|Year : 2016 | Volume
| Issue : 2 | Page : 105-109
Sudden sensorineural hearing loss in adults - Our experience with a multidrug high-dose steroid regimen at a tertiary care hospital
Vivek Gupta, Abhineet Jain DLO, DNB , Praveer K Banerjee, Sonam Rathi
Department of ENT and Head & Neck Surgery, JLN Hospital, Bhilai, Chhattisgarh, India
|Date of Submission||29-Jul-2015|
|Date of Acceptance||27-Sep-2015|
|Date of Web Publication||25-Apr-2016|
Department of ENT and Head & Neck Surgery, JLN Hospital & RC, Sector-9, Bhilai 490009, Chattisgarh
Source of Support: None, Conflict of Interest: None
Sudden sensorineural hearing loss is a confusing and controversial issue in our practice since no standard definition, evaluation method and treatment protocol exists. It is more a symptom than a disease entity. It is an otological emergency with narrow golden period of treatment.

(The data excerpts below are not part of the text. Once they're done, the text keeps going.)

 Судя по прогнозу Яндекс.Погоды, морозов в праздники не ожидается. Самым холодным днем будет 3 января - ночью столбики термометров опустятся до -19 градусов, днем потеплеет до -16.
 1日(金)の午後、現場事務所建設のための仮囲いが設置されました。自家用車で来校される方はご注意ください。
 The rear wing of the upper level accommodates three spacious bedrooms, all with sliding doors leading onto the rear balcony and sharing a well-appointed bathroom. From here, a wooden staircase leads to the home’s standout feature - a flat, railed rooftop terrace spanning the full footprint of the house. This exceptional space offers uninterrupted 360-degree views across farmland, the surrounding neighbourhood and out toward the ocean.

To establish the early diagnosis, treatment and study the outcome of treatment.
Design and method
It is a prospective study, including patients >18 year age who had presented with sudden sensorineural hearing loss in ENT opd. Patients underwent general systemic and ENT examination, pure tone audiometry, impedance audiometry and necessary imaging. After diagnosis patients were treated with i.v. methylprednisolone 2 gm loading dose on day 1 followed by 1 gm BD for 2 days. and then tab. Prednisolone (1 mg/kg/day) for 5 days, gradually tapered over next 10 days along with tab. pentoxyfylline 400 mg TDS for 14 days with inj.methylcobalamine i.m. OD for 3 days. Pure tone audiogram was repeated on 4th day, 3 week, and 6 weeks after diagnosis.

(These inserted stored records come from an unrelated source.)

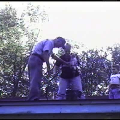 Man cuts down a tree near a trailer house. Tree falls and crushes roof. Men try to turn off electricity and gas lines to the house.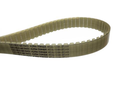 Profil AT10 má trapézový (lichoběžníkový) tvar zubů s roztečí 10 mm. Oproti běžnějšímu typu T10 má profil AT robustnější, širší zuby na úkor zubové mezery, takže na srovnatelných pohonech dokáže přenášet relativně větší zatížení a krouticí momenty. Řemeny AT dosahují i vyšší přesnosti a delší životnosti, což je předurčuje k instalaci na náročnější strojní aplikace.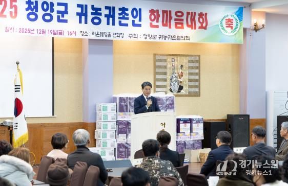 [경기뉴스원/경기뉴스1] | 귀농·귀촌인의 안정적인 지역 정착을 도모하고, 지역 주민과의 화합과 소통을 강화하기 위한 ‘2025 청양군 귀농·귀촌인 한마음 대회’가 지난 19일 청양읍 라온웨딩홀에서 성황리에 열렸다.

The study group included 37 patients who were diagnosed and treated. 56.76% of patients had sudden SNHL of < 72 hrs. duration, while 43.24% had sudden SNHL of >72 hrs. duration. The majority i.e. 35.14% had severe hearing loss (71-90 db) followed by 29.73% with moderate hearing loss (41-55 db). Tinnitus was noted as commonest associated symptom in 78.38% followed by tinnitus & vertigo in 21.62%. As per etiology, idiopathic cause (64.86%) was followed by acoustic trauma (24.32%) and head trauma (10.81%) in study group .In terms of recovery, 35.14% patients had complete recovery while 40.54% and 24.32% patients had partial and no recovery respectively.
The diagnosis of sudden SNHL is easily obtained by audiometry. Exact etiology often remains unknown so early diagnosis by avoiding unnecessary investigations and prompt treatment in <72 hrs. still carry good prognosis.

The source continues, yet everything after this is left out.